» **Required work**
Exactly as they appear below, repeat the lines from the one with "Tymczasem oficjalny serwis" through the one with "根据SHEIN订单数据中的订". Drop every picture.

START Records to use

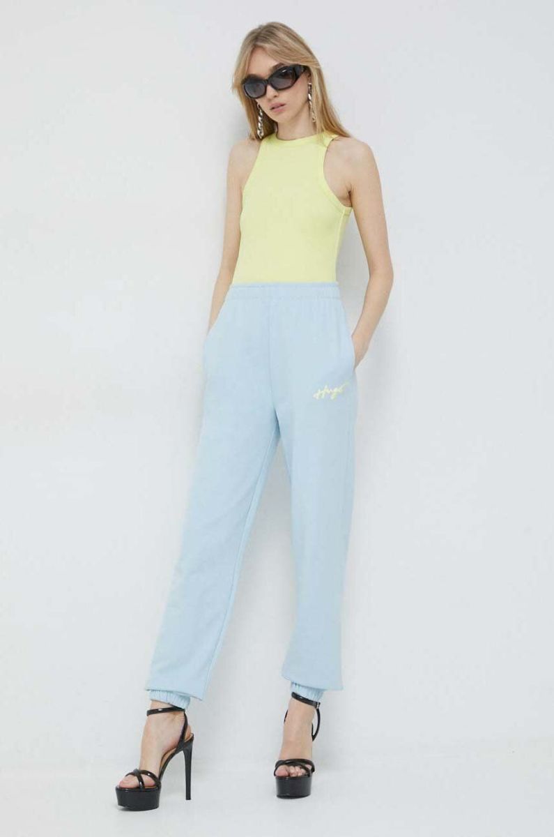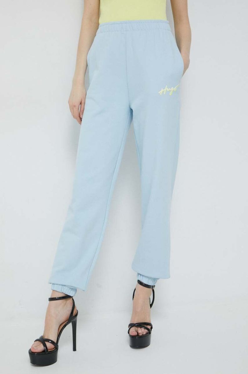 Бавовняні спортивні штани HUGO з принтом колір блакитний
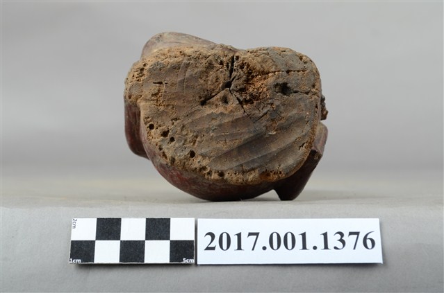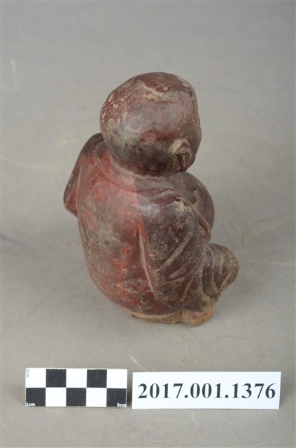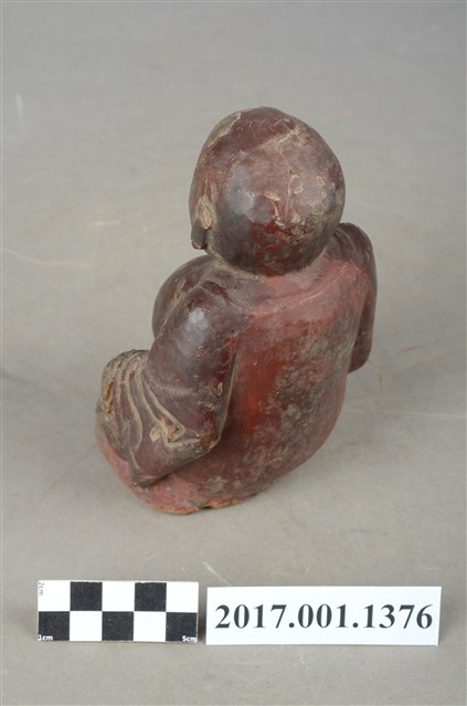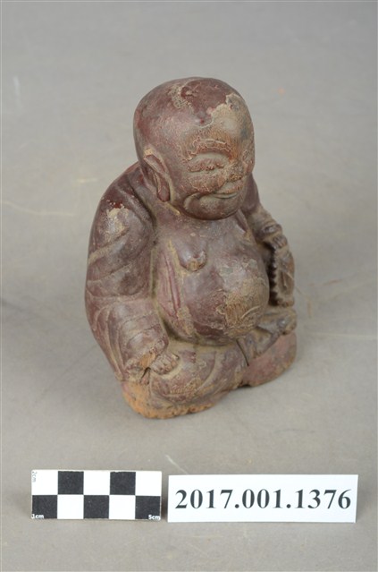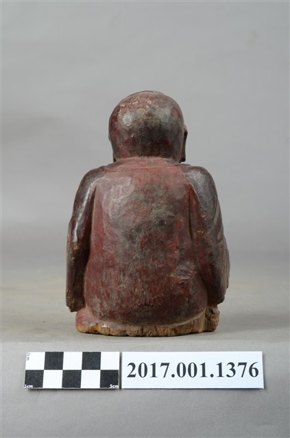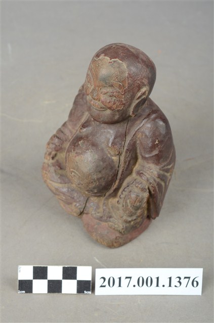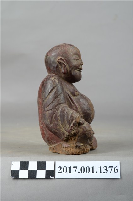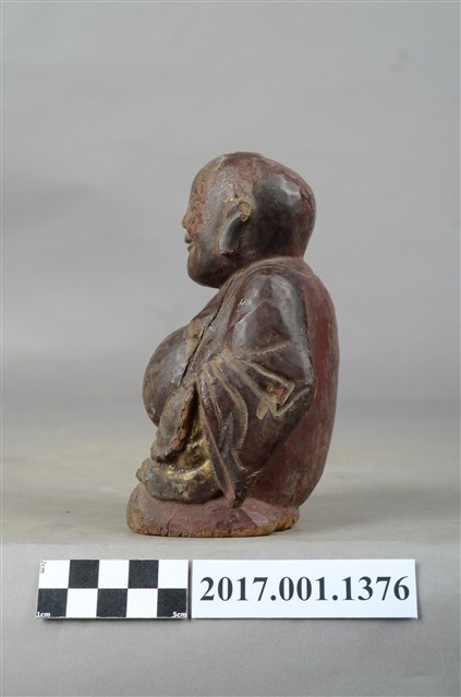 1.本件木雕彌勒佛像,作自在坐姿態,表面施作塗裝粧佛技法,局部漆面剝落。顏面表現壯年比丘相貌,臉型輪廓圓潤,雙目半睜,山根塌、鼻樑短,上半身露出胸膛,體態豐腴,肚凸腹大。跣足,左足屈膝、右腿屈膝內伸,右手置於右膝,左手握念珠置於左膝。
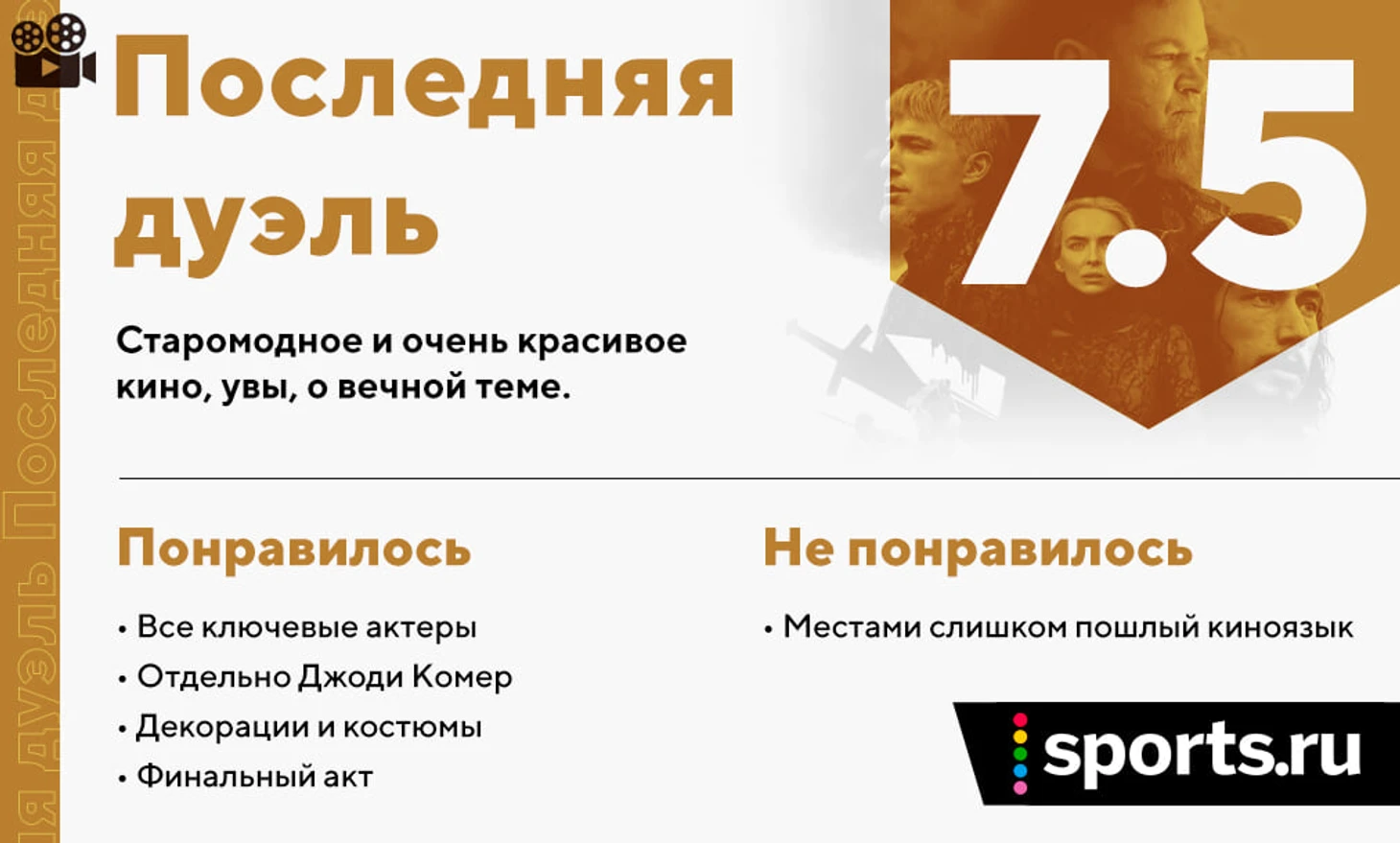 Сходить на «Последнюю дуэль» в кино все-таки стоит – как минимум потому, что это почти наверняка один из последних фильмов такого рода. Учитывая сегодняшние тенденции, подобные сложные исторические драмы, заставляющие думать и дискутировать о неудобных темах, в будущем будут либо гораздо более бюджетными, либо выходить сразу на стримингах. И даже Ридли Скотту уже вряд ли позволят снять что-то подобное – мало кому нравится терять десятки миллионов долларов ради «умного кино».
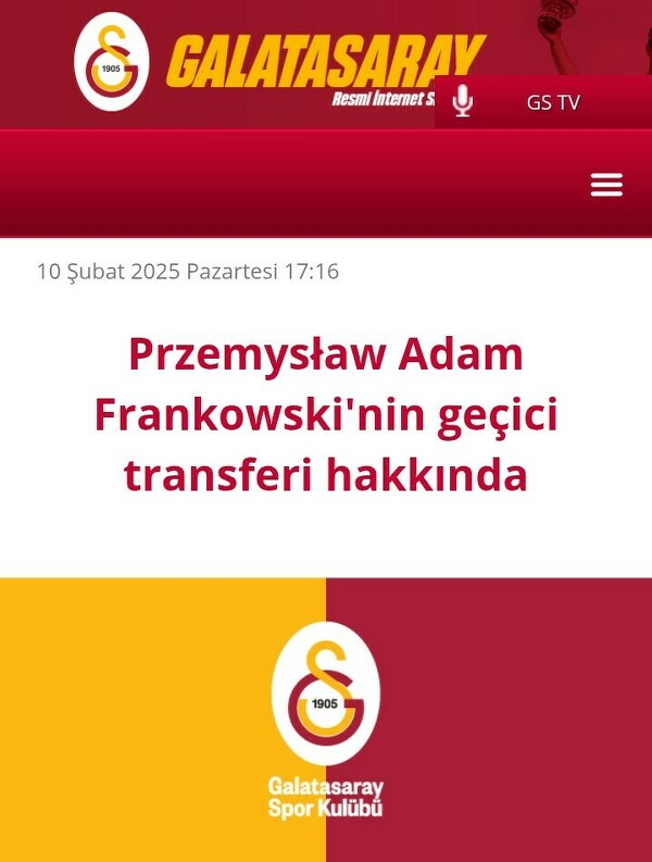Tymczasem oficjalny serwis Galatasaray ogłasza wypożyczenie Przemysława Frankowskiego
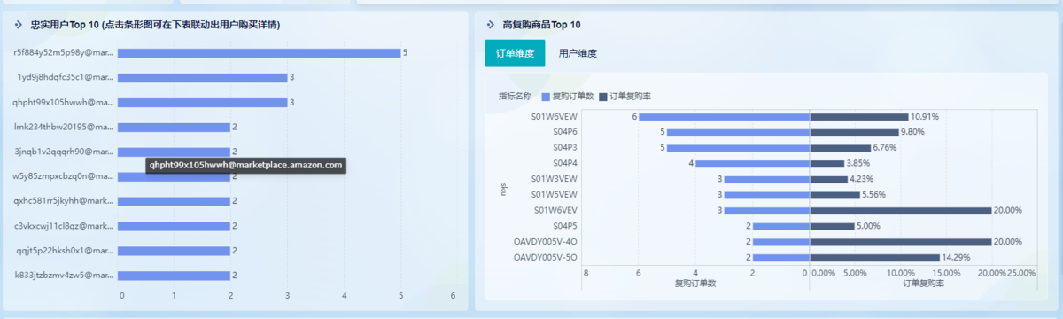 根据SHEIN订单数据中的订单id和用户信息,计算用户回访人数、回访率;复购人数、复购率分析;根据SHEIN订单数据中的商品信息,计算复购top品类、复购top商品等。
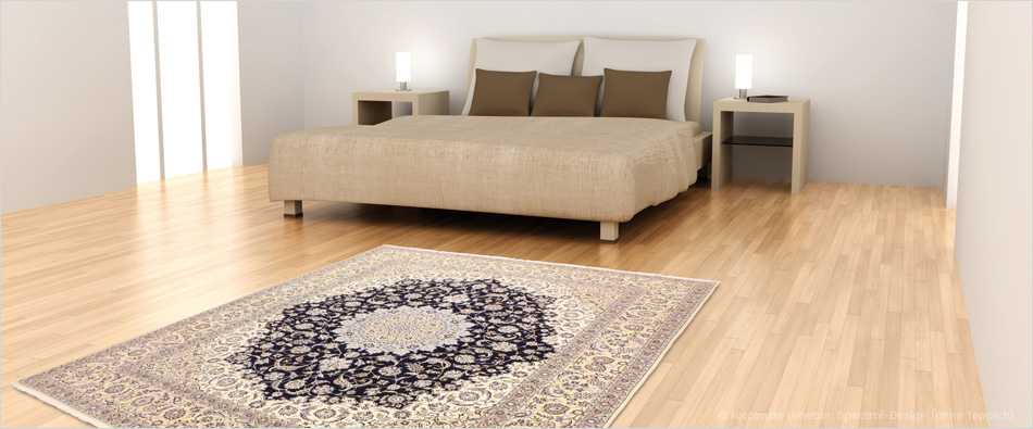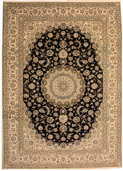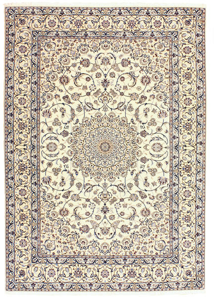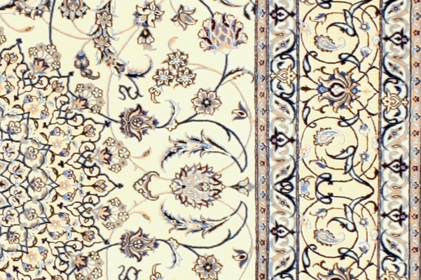 Mittig findet sich immer ein kreisrundes Medaillon, die Musterung zeigt eher florale Motive mit Blüten und Ranken – ähnlich denen der Isfahan-Teppiche. Zur Verstärkung der Konturen wird häufig Seide verwendet. In Nain liebt man die Tradition: Neue Muster werden selten entworfen, jedoch passen die Hersteller ihre Farbtöne an, damit die Teppiche moderner wirken. Nain 6La werden oft als Brücken gefertigt. Diese sind sehr teuer, weil ihre Musterung filigraner ausfällt als die der großen Teppiche.
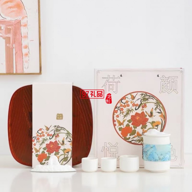 國風陶瓷茶具套裝 手繪玉兔品茗杯壺 家用送禮中秋禮盒裝

END Records to use

» **Written reply**
Tymczasem oficjalny serwis Galatasaray ogłasza wypożyczenie Przemysława Frankowskiego
 根据SHEIN订单数据中的订单id和用户信息,计算用户回访人数、回访率;复购人数、复购率分析;根据SHEIN订单数据中的商品信息,计算复购top品类、复购top商品等。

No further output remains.